*** Available data ***

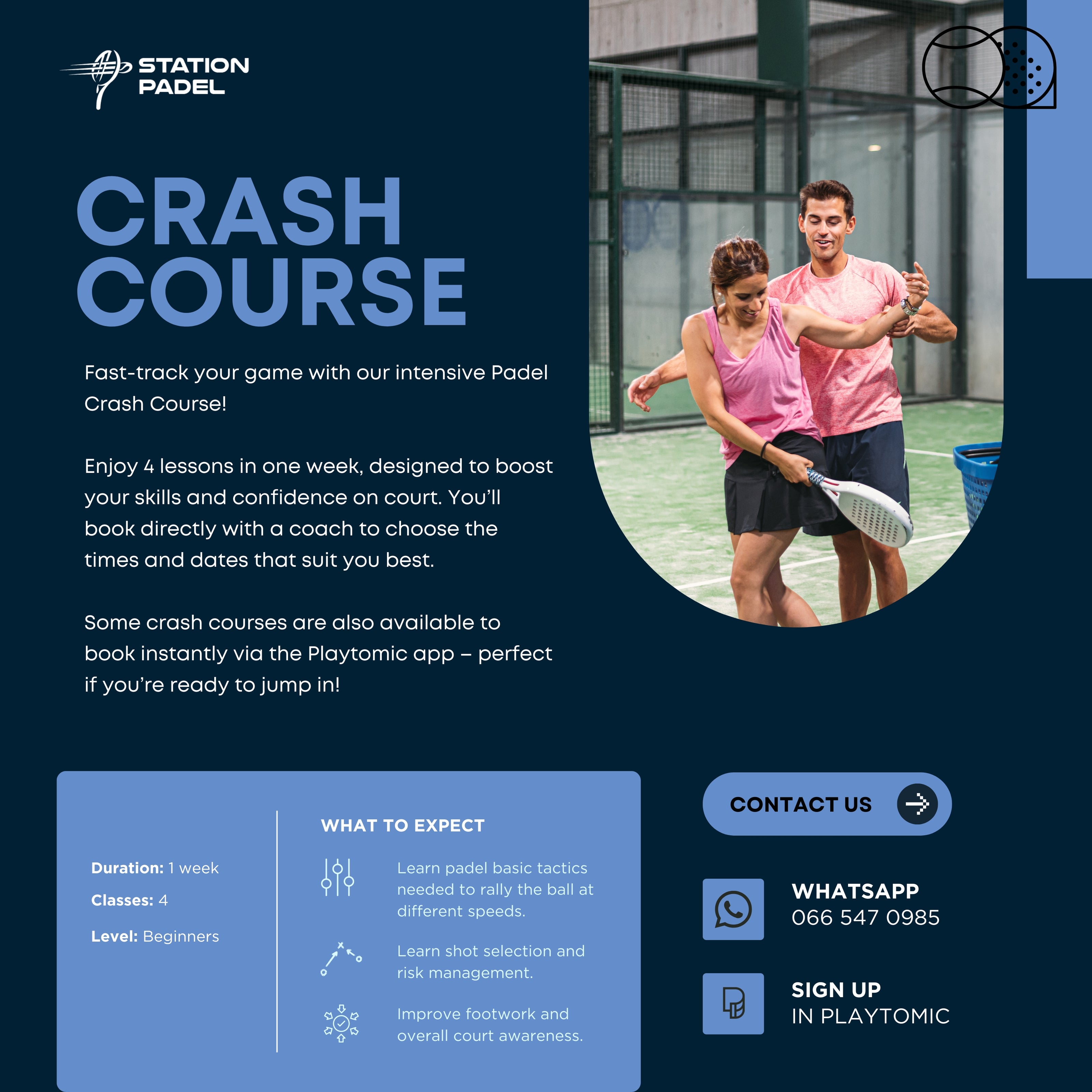 WHATSAPP THE CLUBHOUSEGet 4 lessons in a week, meant to enhance your skills and confidence on court.
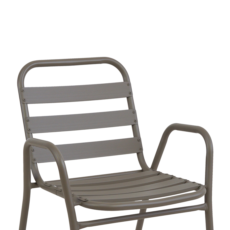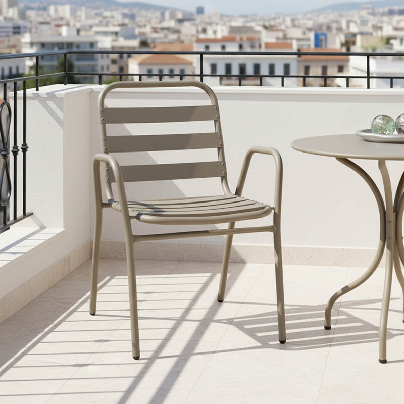 • Seat and backrest made of aluminum slats that add a lightweight and modern feel to the design.
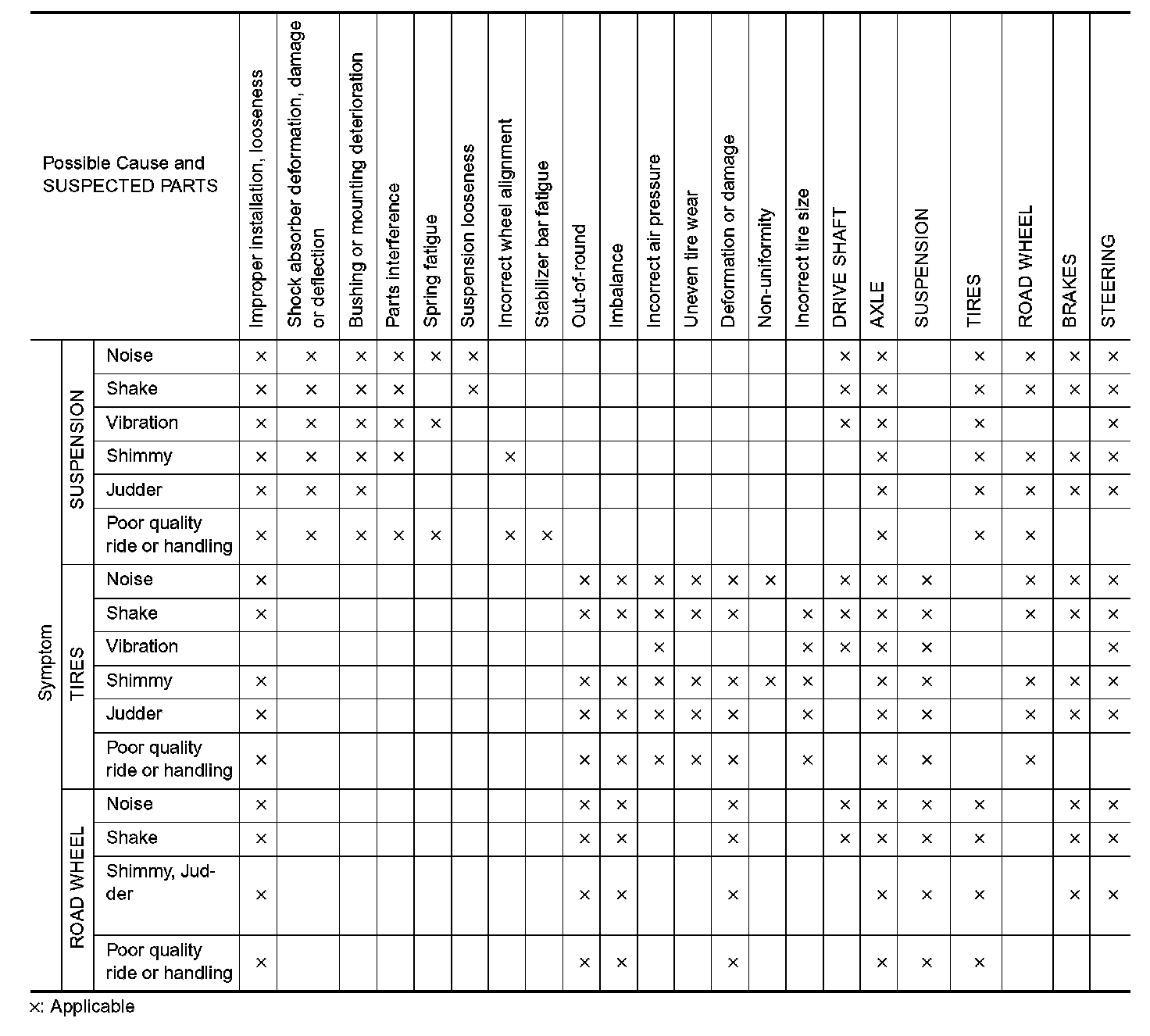 NVH Troubleshooting Chart
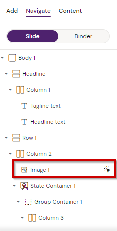 Navigate - select binder and slide to navigate to
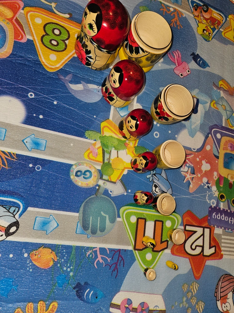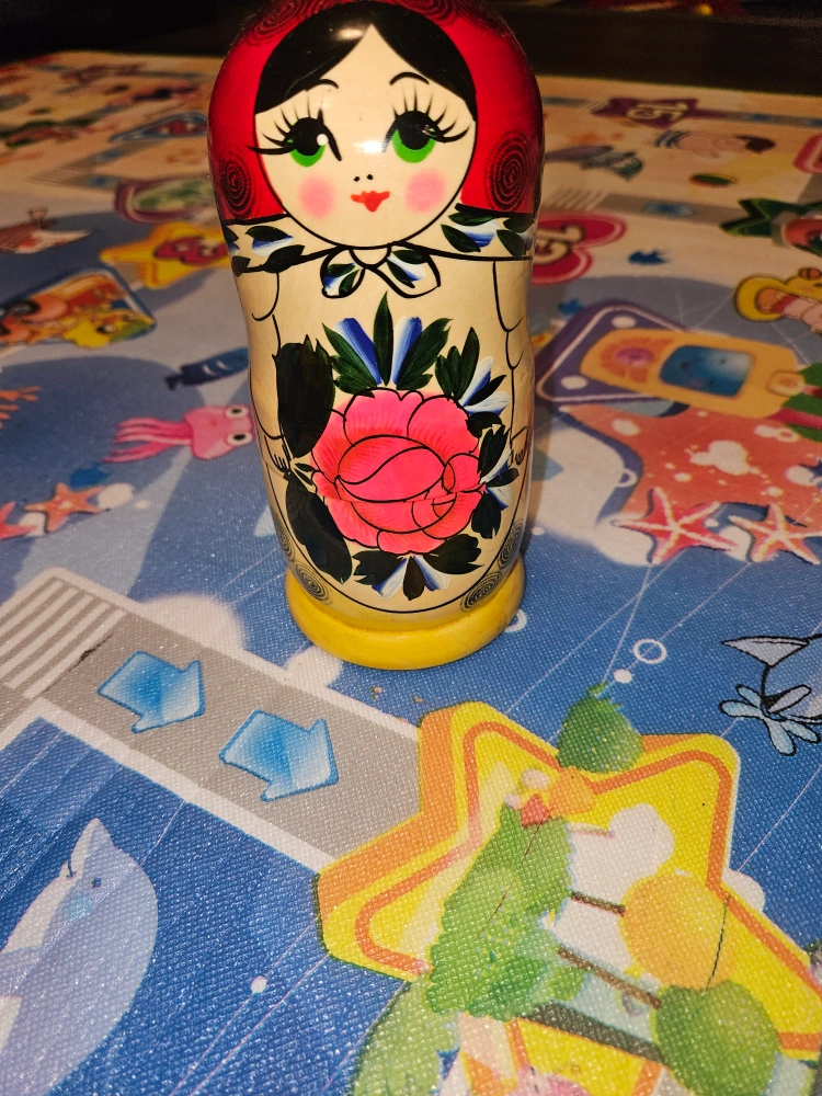 Adorable set of handcrafted Russian nesting dolls. Features colourful painted designs. Perfect collectible or unique gift. Seven dolls total, varying sizes.
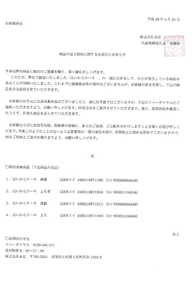 お客様のお手元に当該対象商品がございましたら、誠にお手数ではございますが、下記のフリーダイヤルにご連絡いただきますよう、お願い申し上げます。回収方法をご案内させていただきます。後日、回収商品を確認したうえで、代替え商品を送らせていただきます。
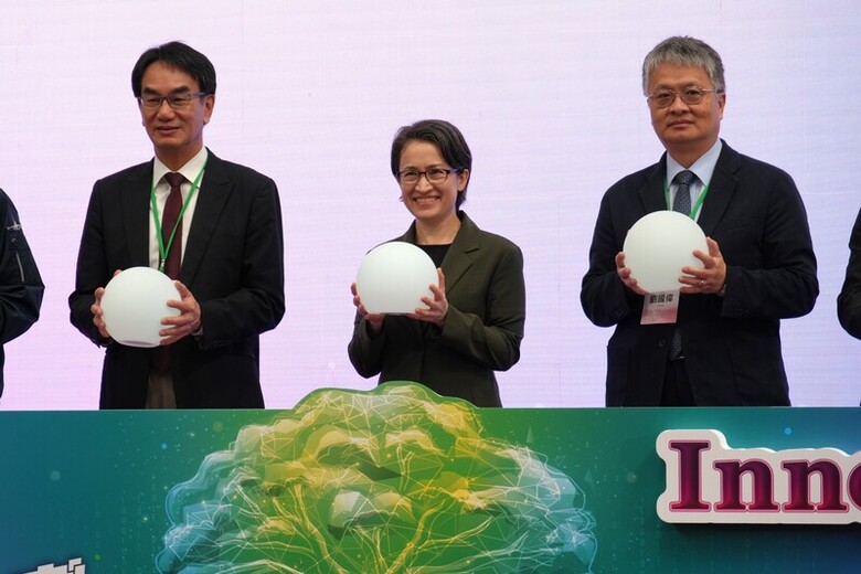 副總統蕭美琴(中)1日出席第30屆大專校院資訊應用服務創新競賽,勉勵參賽學生,有些創意能夠商業化、能賺錢,但有些則難免遇到顛簸,但這就是創新的本質。(中央社記者陳至中台北攝)
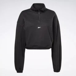 Layer this women’s Reebok sweatshirt over a tee and you’re all set for a trip to the gym a walk with the dog or whatever the day has in store. The quarter-zip style is made in cozy French terry with a casual loose fit. A stand-up collar fends off chill winds.
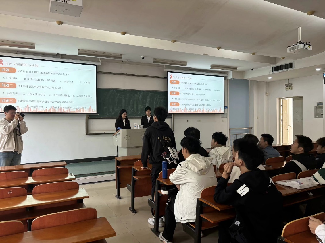 首先,許安琪同學(xué)通過播放一個(gè)有關(guān)艾滋病的宣傳視頻,使同學(xué)們對(duì)于艾滋病如何傳播及如何預(yù)防的知識(shí)有了初步的認(rèn)識(shí)。接著,許安琪同學(xué)從客觀科學(xué)的角度出發(fā),全面講解了艾滋病對(duì)于患者個(gè)人及家庭、社會(huì)的負(fù)面影響。同時(shí),她立足于大學(xué)生身份的特殊性,強(qiáng)調(diào)性傳播、血液傳播為艾滋病威脅大學(xué)生的重要途徑。隨后,她深入講解了預(yù)防艾滋病的方法以及如何正確對(duì)待艾滋病。為調(diào)動(dòng)現(xiàn)場(chǎng)聽講氛圍,宣講團(tuán)準(zhǔn)備了艾滋病知識(shí)問答的互動(dòng)環(huán)節(jié),同學(xué)們踴躍參與,回答正確率高,進(jìn)一步提高了宣講效果。
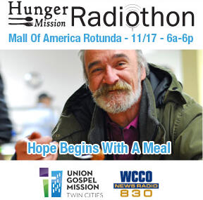 AUDACY News-Talk WCCO-A/MINNEAPOLIS raised over $333,000 for UNION GOSPEL MISSION TWIN CITIES in its 20th annual HUNGER MISSION RADIOTHON NOVEMBER 17th at the MALL OF AMERICA in BLOOMINGTON. This year's donations raised the overall amount taken in by the event to over $4.1 million since 2003.
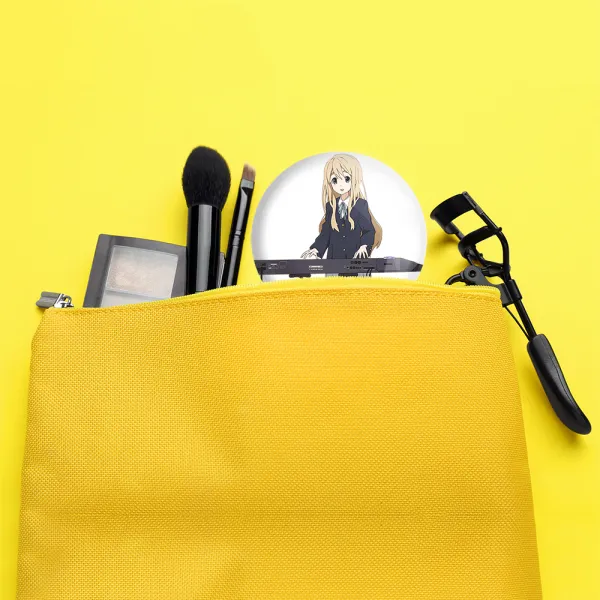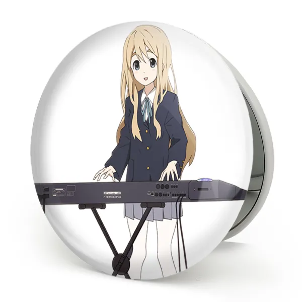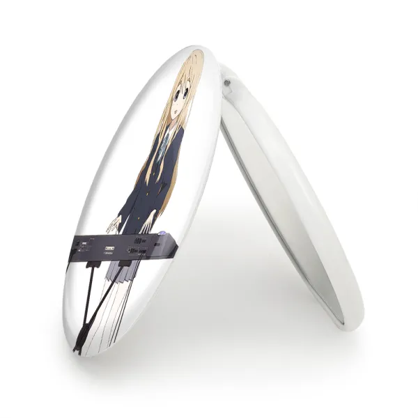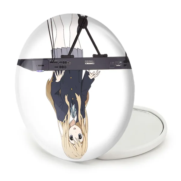 آینه های تاشو کوتوبوکی انیمه كي اون خندالو، از جنس پلاستیک فشرده ABS تولید شده و به رنگ سفید می باشد. یکی از آینه ها ابعاد واقعی را نشان داده و دیگری با قابلیت بزرگنمایی، جزئیات را بهتر نمایش می دهد. ابعاد هر یک از آینه ها، دایره ای به قطر 7.5 سانت می باشد که نه خیلی بزرگ و غیر قابل استفاده در کیف آرایشی ست و نه خیلی کوچک که تصویر خاصی در آن مشاهده نشود. آینه تاشو کوتوبوکی انیمه كي اون سایزی استاندارد و کارآمد دارد و در هر کیفی جا میگیرد. چاپ طرح بوسیله چاپگرهای دیجیتال شش رنگ با شفافیت و کیفیتی مثال زدنی بر روی یک وجه از بدنه ی آینه انجام گرفته و با روکش لمینت حرارتی پوشیده شده که در مقابل آسیب و خط و خش مقاوم بوده و کیفیت بالایی دارد. درب آینه بوسیله قفل بدنه ی آن، باز نمی ماند و کاملا بسته می شود و مناسب قرار گیری در کیف لوازم آرایش و کیف های کوچک دستی نیز هست. آینه های تاشو کوتوبوکی انیمه كي اون خندالو با تنوع طرحی بسیار بالا، سلیقه هر نوع مخاطبی را تامین میکند.

***

Exercise:
The expected output is every line of the data, unchanged, with the pictures skipped.

Answer to this exercise:
 WHATSAPP THE CLUBHOUSEGet 4 lessons in a week, meant to enhance your skills and confidence on court.
 • Seat and backrest made of aluminum slats that add a lightweight and modern feel to the design.
 NVH Troubleshooting Chart
 Navigate - select binder and slide to navigate to
 Adorable set of handcrafted Russian nesting dolls. Features colourful painted designs. Perfect collectible or unique gift. Seven dolls total, varying sizes.
 お客様のお手元に当該対象商品がございましたら、誠にお手数ではございますが、下記のフリーダイヤルにご連絡いただきますよう、お願い申し上げます。回収方法をご案内させていただきます。後日、回収商品を確認したうえで、代替え商品を送らせていただきます。
 副總統蕭美琴(中)1日出席第30屆大專校院資訊應用服務創新競賽,勉勵參賽學生,有些創意能夠商業化、能賺錢,但有些則難免遇到顛簸,但這就是創新的本質。(中央社記者陳至中台北攝)
 Layer this women’s Reebok sweatshirt over a tee and you’re all set for a trip to the gym a walk with the dog or whatever the day has in store. The quarter-zip style is made in cozy French terry with a casual loose fit. A stand-up collar fends off chill winds.
 首先,許安琪同學(xué)通過播放一個(gè)有關(guān)艾滋病的宣傳視頻,使同學(xué)們對(duì)于艾滋病如何傳播及如何預(yù)防的知識(shí)有了初步的認(rèn)識(shí)。接著,許安琪同學(xué)從客觀科學(xué)的角度出發(fā),全面講解了艾滋病對(duì)于患者個(gè)人及家庭、社會(huì)的負(fù)面影響。同時(shí),她立足于大學(xué)生身份的特殊性,強(qiáng)調(diào)性傳播、血液傳播為艾滋病威脅大學(xué)生的重要途徑。隨后,她深入講解了預(yù)防艾滋病的方法以及如何正確對(duì)待艾滋病。為調(diào)動(dòng)現(xiàn)場(chǎng)聽講氛圍,宣講團(tuán)準(zhǔn)備了艾滋病知識(shí)問答的互動(dòng)環(huán)節(jié),同學(xué)們踴躍參與,回答正確率高,進(jìn)一步提高了宣講效果。
 AUDACY News-Talk WCCO-A/MINNEAPOLIS raised over $333,000 for UNION GOSPEL MISSION TWIN CITIES in its 20th annual HUNGER MISSION RADIOTHON NOVEMBER 17th at the MALL OF AMERICA in BLOOMINGTON. This year's donations raised the overall amount taken in by the event to over $4.1 million since 2003.
 آینه های تاشو کوتوبوکی انیمه كي اون خندالو، از جنس پلاستیک فشرده ABS تولید شده و به رنگ سفید می باشد. یکی از آینه ها ابعاد واقعی را نشان داده و دیگری با قابلیت بزرگنمایی، جزئیات را بهتر نمایش می دهد. ابعاد هر یک از آینه ها، دایره ای به قطر 7.5 سانت می باشد که نه خیلی بزرگ و غیر قابل استفاده در کیف آرایشی ست و نه خیلی کوچک که تصویر خاصی در آن مشاهده نشود. آینه تاشو کوتوبوکی انیمه كي اون سایزی استاندارد و کارآمد دارد و در هر کیفی جا میگیرد. چاپ طرح بوسیله چاپگرهای دیجیتال شش رنگ با شفافیت و کیفیتی مثال زدنی بر روی یک وجه از بدنه ی آینه انجام گرفته و با روکش لمینت حرارتی پوشیده شده که در مقابل آسیب و خط و خش مقاوم بوده و کیفیت بالایی دارد. درب آینه بوسیله قفل بدنه ی آن، باز نمی ماند و کاملا بسته می شود و مناسب قرار گیری در کیف لوازم آرایش و کیف های کوچک دستی نیز هست. آینه های تاشو کوتوبوکی انیمه كي اون خندالو با تنوع طرحی بسیار بالا، سلیقه هر نوع مخاطبی را تامین میکند.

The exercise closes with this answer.